Author John Rae-Grant

TL;DR

Research Question

Can we classify a body of text (article, posting, email) as legitimate or misinformative?

Several shallow model classifiers and multi-level neural networks were built, tuned and evaluated. The results are described below.

The most successful models were then loaded into a web app "Legitimizer" which allows the user to either submit new articles for classification or see the classification results for example articles from the source datasets.

Legitimizer UI Legitimizer App Source Repo Primary Notebook

Next Steps

To further strengthen the Legitimizer, I'd advocate the following next steps:

Add heatmap coding to give some idea of which word sequences had the most impact on the classification.
Investigate deeper neural networks.
Retrain with more recent, deeper datasets such as the bluesky posts.
Integrate RAG techniques from the Averitech submissions.

Problem Statement

The research question I sought to answer is "can we accurately classify a body of text (article, posting, email) as legitimate or misinformative?" I had originally intended to base this determination on metadata and semantic analysis, especially the fact density and provenance of the text, and to use Wikipedia as the source data. In my research, I found that the labelling of articles on wikipedia was much more nuanced and subjective, and that the semantic parsing was too in depth of a specialized area to dive into. Instead, I found several datasets of articles which had been labelled as "fake" or "real", and focused on building different Natural Language Processing (NLP) based classifiers to see what level of accuracy could be achieved in matching the given labels.

Rationale

There are few questions as important today as “should I believe this article”. Indeed, with most people getting their “information” not from vetted sources, but from social media, the traditional methods of distinguishing trusted from untrusted sources have largely disappeared.

Having access to a reasonably accurate real-time measure of an article’s legitimacy could increase public media savvy, slow down viral spread of misinformation, and even potentially guide identification of deliberate disinformers.

Data Acquisition

Source Datasets from Kaggle

FakeNews

large dataset
83500 samples
from https://www.kaggle.com/datasets/vishakhdapat/fake-news-detection

Base

smaller dataset
9900 samples
from https://www.kaggle.com/datasets/nitishjolly/news-detection-fake-or-real-dataset

Both datasets contain text samples which have been labelled as 'Real' or 'Fake'.

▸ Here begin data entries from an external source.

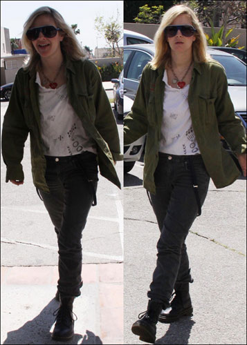 3月24日,打扮越來越有自己風格的德魯·巴里摩爾來到美國加州好萊塢的一個工作室,身穿軍綠色上衣、黑色長褲配軍裝靴的她顯得帥氣而隨性。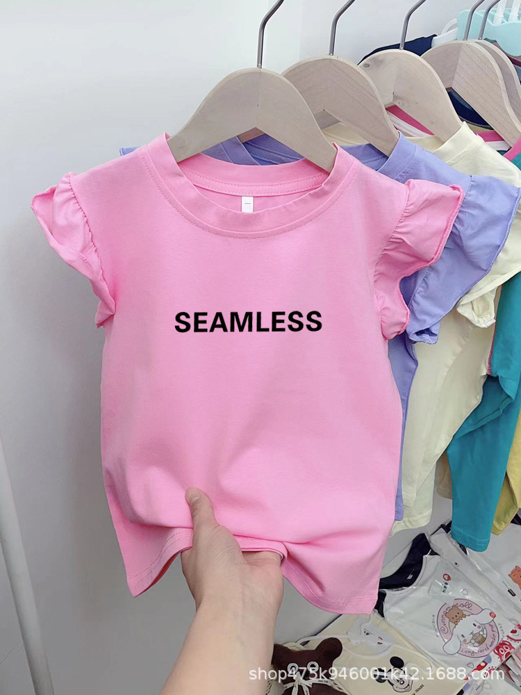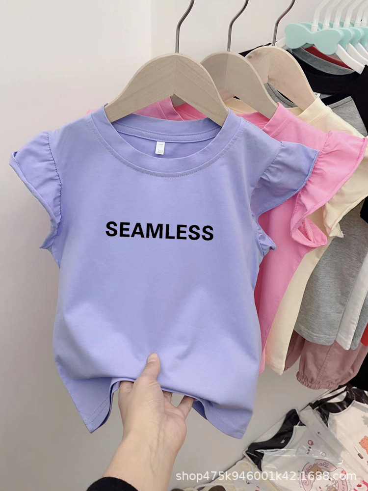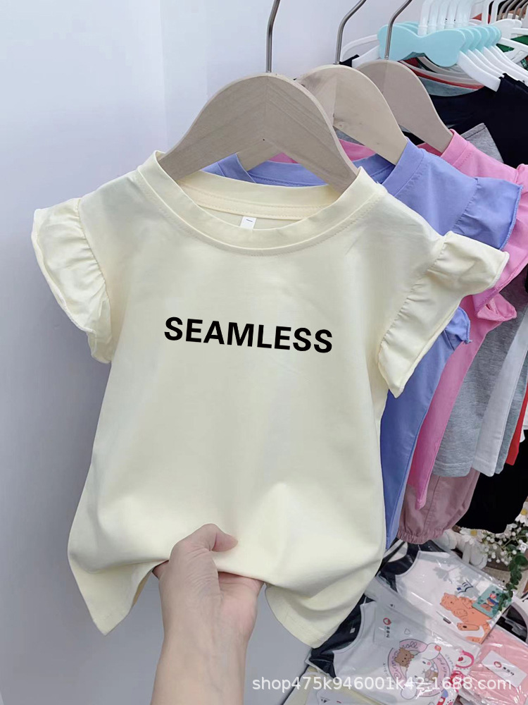 도매 어린이 편지 인쇄면 반팔 티셔츠 한국 스타일 여름 소녀의 세련된 연꽃 잎 작은 비행 소매 탑
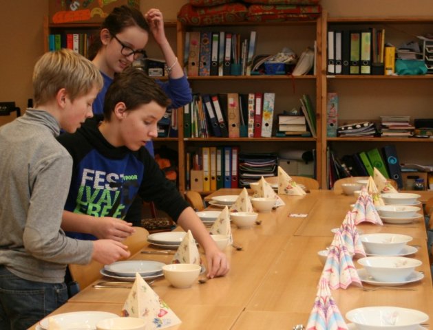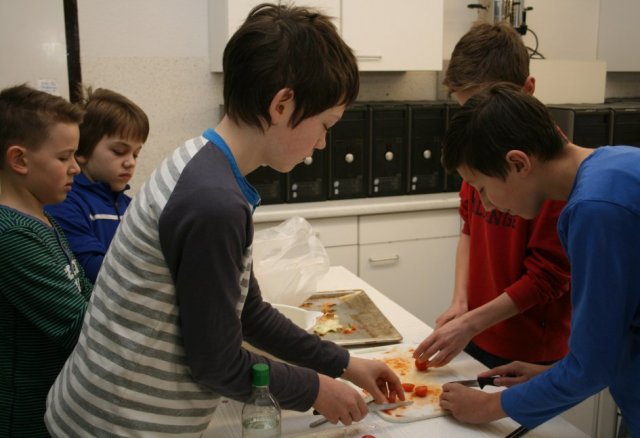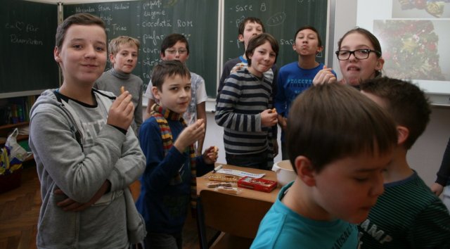Zuerst stellte Frau Erli die verschiedenen vier Gänge auf Rumänisch mit den dazugehörigen Rezepten vor. Dann ging es auch schon los. 13 Schüler fanden sich in der Küche zusammen und die Aufgaben für die Zubereitung wurden verteilt.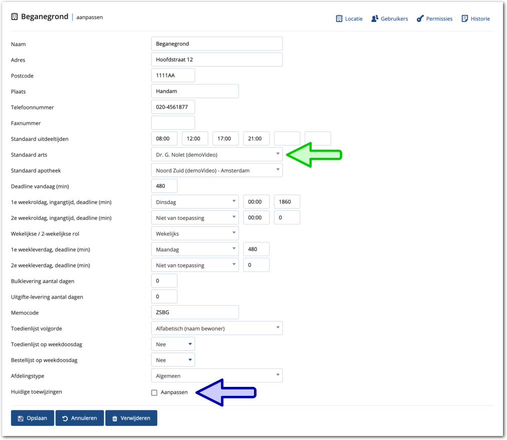 Dit doet u bij de afdeling entiteit. Daar dient u de standaard arts (groene pijl in onderstaande afbeelding) aan te passen en de optie 'Aanpassen' (blauwe pijl in onderstaande afbeelding) aan te vinken bij huidige toewijzingen. Volg de onderstaande instructies om de arts van een afdeling te wijzigen en door te voeren bij de cliënten.

Data Preprocessing/Preparation

Preparation

Both datasets were extremely clean and simple, with just "text" and "label" fields. I checked for Nans and missing values to find any inconsistencies.

The datasets were used separately to train shallow models using a 20% holdback for testing, and the results were compared and then cross-validated with sample sets from the other database.

Modeling

I experimented with several different types of shallow model classifiers, doing parameter searches on each to find the most accurate model of each type.

Following the selection of shallow model models, we built and evaluated three diffent Multi-Level Neural Networks (MNNs) models. The comparative results are shown below.

Expected results

I expected that the Legitimizer would perform similarly to a spam filter. It will perform well for articles which are more fact based and be heavily biased toward labelling articles as “misinformative”.

Results of Shallow Models

The results of even the shallow model models were suprisingly encouraging! All of the resulting shallow models for both datasets and multiple sample sizes scored 90% or better accuracy.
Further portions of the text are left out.